[Supplied material Boundary: Start]
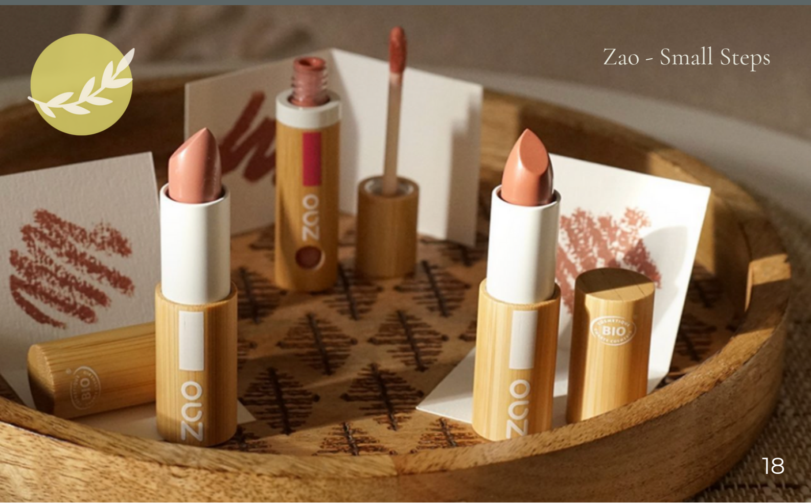
Zao - Small Steps

But for consumers, collating, comparing, and making decisions based on this information is a lengthy and time-consuming process, and not a realistic one for many. Our aim is to simplify this process, by encouraging companies to be transparent and doing the research for consumers.
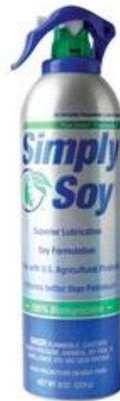
ABOVE: Simply Soy

BioPreferred is tweeting about biobased products, program news and industry topics. Visit the BioPreferred Twitter page and follow us.
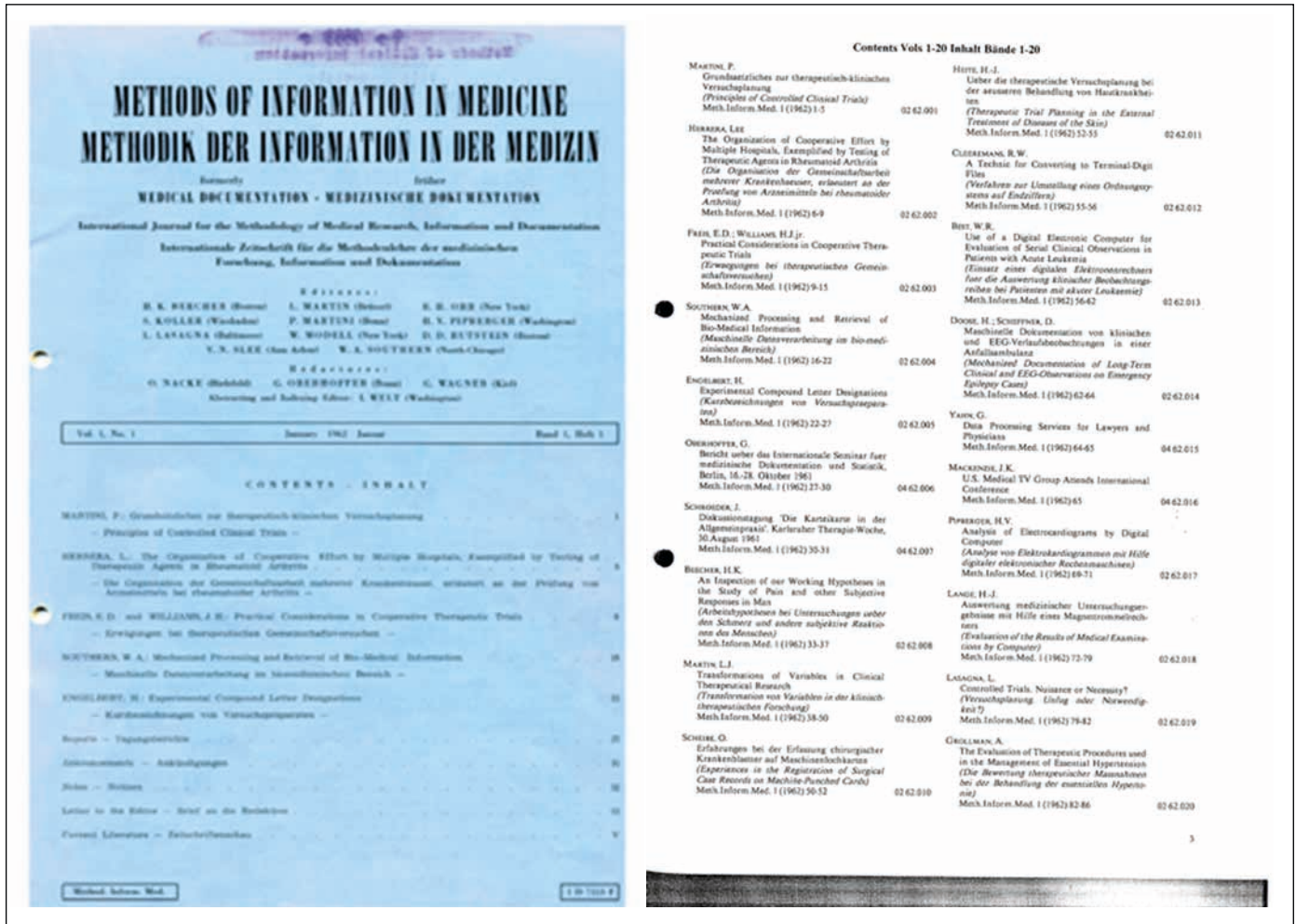
Fig. 1 Cover and part of the index of the first volume of the journal Methods of Information in Medicine, founded by Gustav Wagner in 1962.
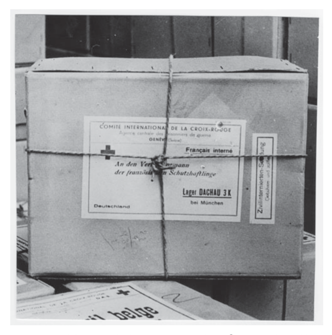
World War II. ICRC parcel for French deportees at Dachau.
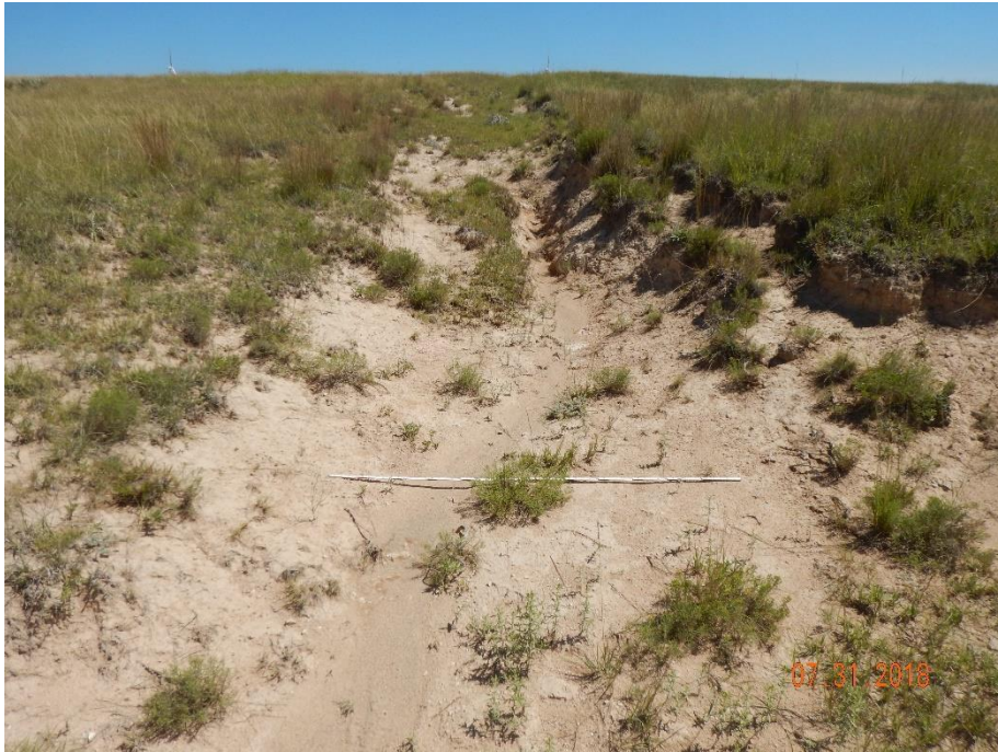
Photo 9: Photo taken from the access road, northeast of the location, facing northeast. See comments under photo 5. 6 foot measuring stick for reference.
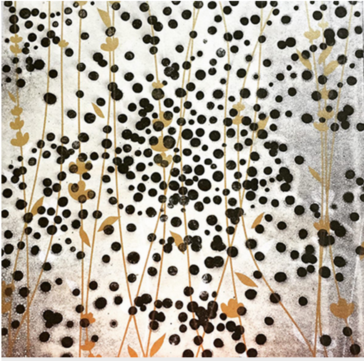
Anna Rochester, Market: Aerial View , etching with chine colle, 12" x 12", 2017.

Submit to: Bob Rocco, Editorial Board: bobroccoart@gmail.com
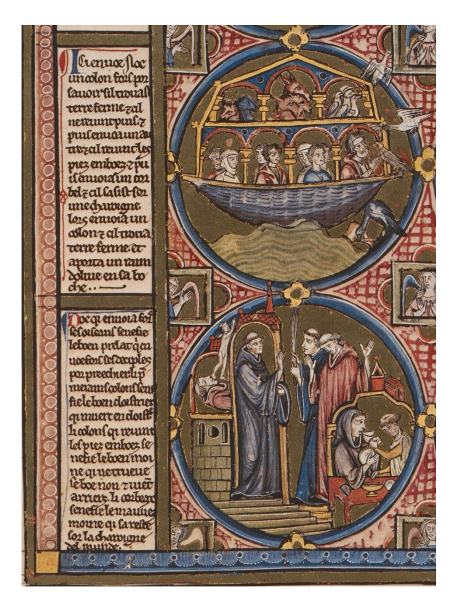
ill. 3: Vienna, Österreische Nationalbibliothek, Codex Vindobonensis 2554, fol. 3 (B/b), c. 1220-23.
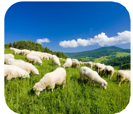
Italy's mountain livestock output amounts to 2500 M€

The new CAP clearly states and provides for the role of « active farmers » as providers of essential services, and figureheads in environmental protection, cultural preservation, social inclusiveness, and economical revival, also by means of the enhancement of tourist and agrotourist activities.
[Supplied material Boundary: End]
Output only the lines that run from the one containing "Italy's mountain livestock" through the last line of the material above, both included.

## Solution for this task
Italy's mountain livestock output amounts to 2500 M€

The new CAP clearly states and provides for the role of « active farmers » as providers of essential services, and figureheads in environmental protection, cultural preservation, social inclusiveness, and economical revival, also by means of the enhancement of tourist and agrotourist activities.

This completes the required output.